Pubdate: Sun, 1 Aug 2010
Source: New York Times (NY)
Page: BR21
Copyright: 2010 The New York Times Company
Contact:  http://www.nytimes.com/
Details: http://www.mapinc.org/media/298
Author: Robert Perkinson
Note: Robert Perkinson is the author of "Texas Tough: The Rise of 
America's Prison Empire."

DRUG OF CHOICE

COCAINE NATION

How the White Trade Took Over the World

By Tom Feiling

351 pp. Pegasus Books. $27.95.

The Drug Enforcement Administration Museum and Visitors Center may be 
America's most uninspiring attempt at war commemoration. Its 
low-budget displays, stuffed into a sterile building near the 
Pentagon, strive for a good-versus-evil story line but exude 
uncertainty. Snapshots of officers atop piles of impounded narcotics 
fail to convey the urgency of battle. Confiscated drug paraphernalia 
showcase wily ingenuity as much as social menace. But across the 
Potomac, next to Congressional Cemetery, rises a more fitting tribute 
to the "war on drugs": Washington's city jail, through which 18,000 
inmates pass each year, 89 percent of them black and three-quarters 
of them incarcerated for nonviolent of-fenses. With its X-shaped 
towers surrounded by razor wire, the sprawling complex devours 
resources but, most criminologists agree, does comparably little to 
protect the public. It stands as a monument to punitive government bloat.

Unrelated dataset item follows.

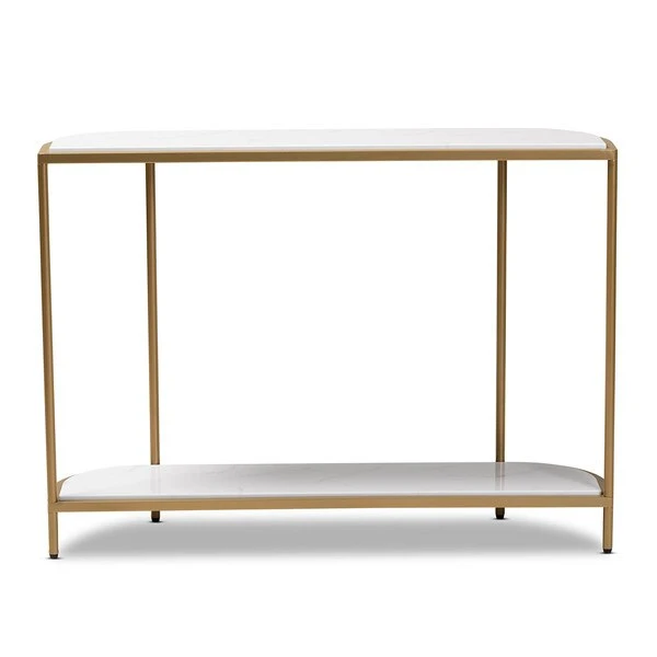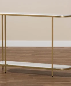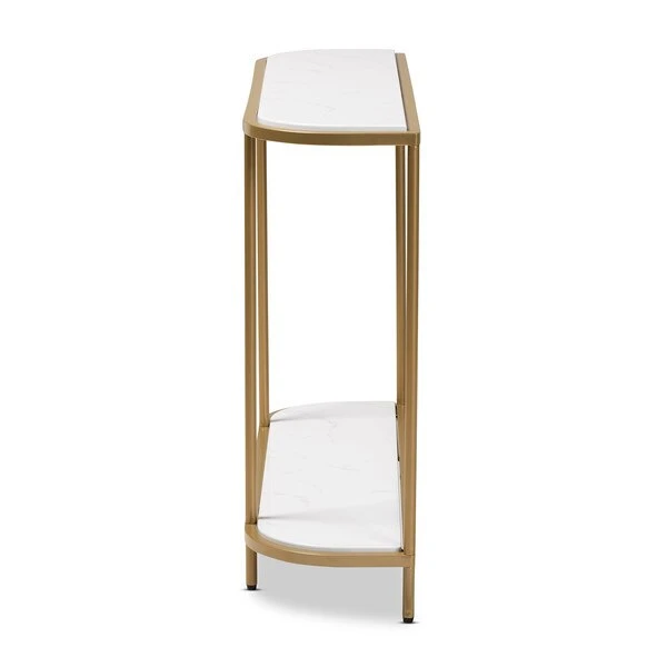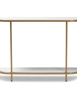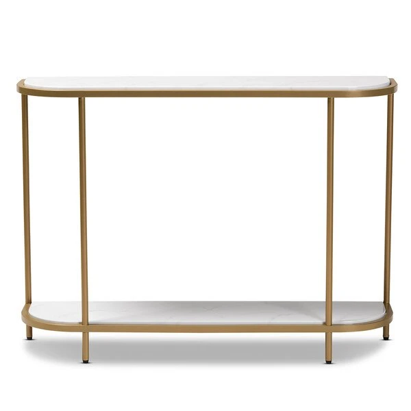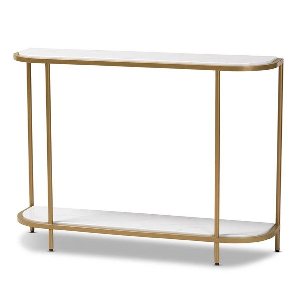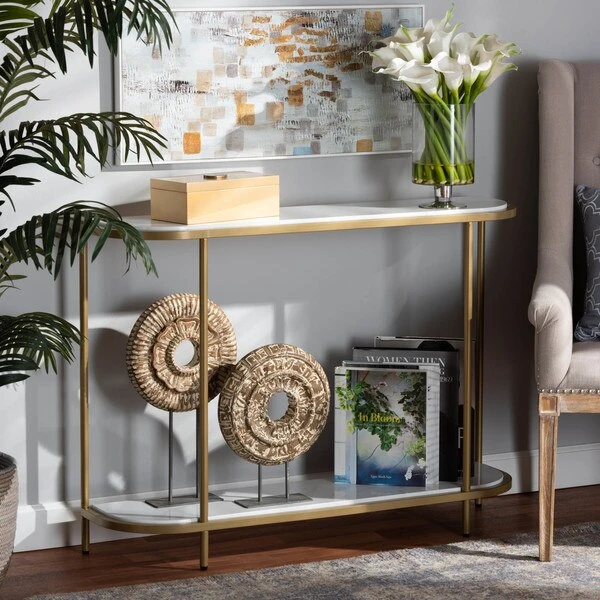 Cultivate an air of luxury in your space with the Dominic console table. The Dominic is comprised of a minimalist gold finished metal frame and two oval-shaped faux marble shelves. The slim silhouette and additional lower shelf of the Dominic allow for easy decluttering of busy areas. Requiring assembly, the Dominic is fitted with black non-marking feet for easy transport and rearrangement. Easily declutter your space in glamorous style with the Dominic console table.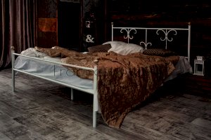 Кованая кровать Симона - это невероятное сочетание эффектного внешнего вида, потрясающих воображение результатов ручной ковки, стильного оформления в темных и светлых цветах и качественных, долговечных материалов исполнения.

Now four decades old, America's drug war, initiated in its modern 
form by Richard Nixon, has burned through $1 trillion and helped make 
the United States the most locked-down country on earth. Yet victory 
still recedes from view. In 1970, some 20 million Americans had 
experimented with illegal drugs; by 2007, 138 million had. While drug 
purity has increased, street prices over the long term have dropped 
- -- precisely the opposite trajectory promised by drug warriors. Small 
wonder that a growing number of skeptics, from George Will to George 
Soros, have called for a serious change of course.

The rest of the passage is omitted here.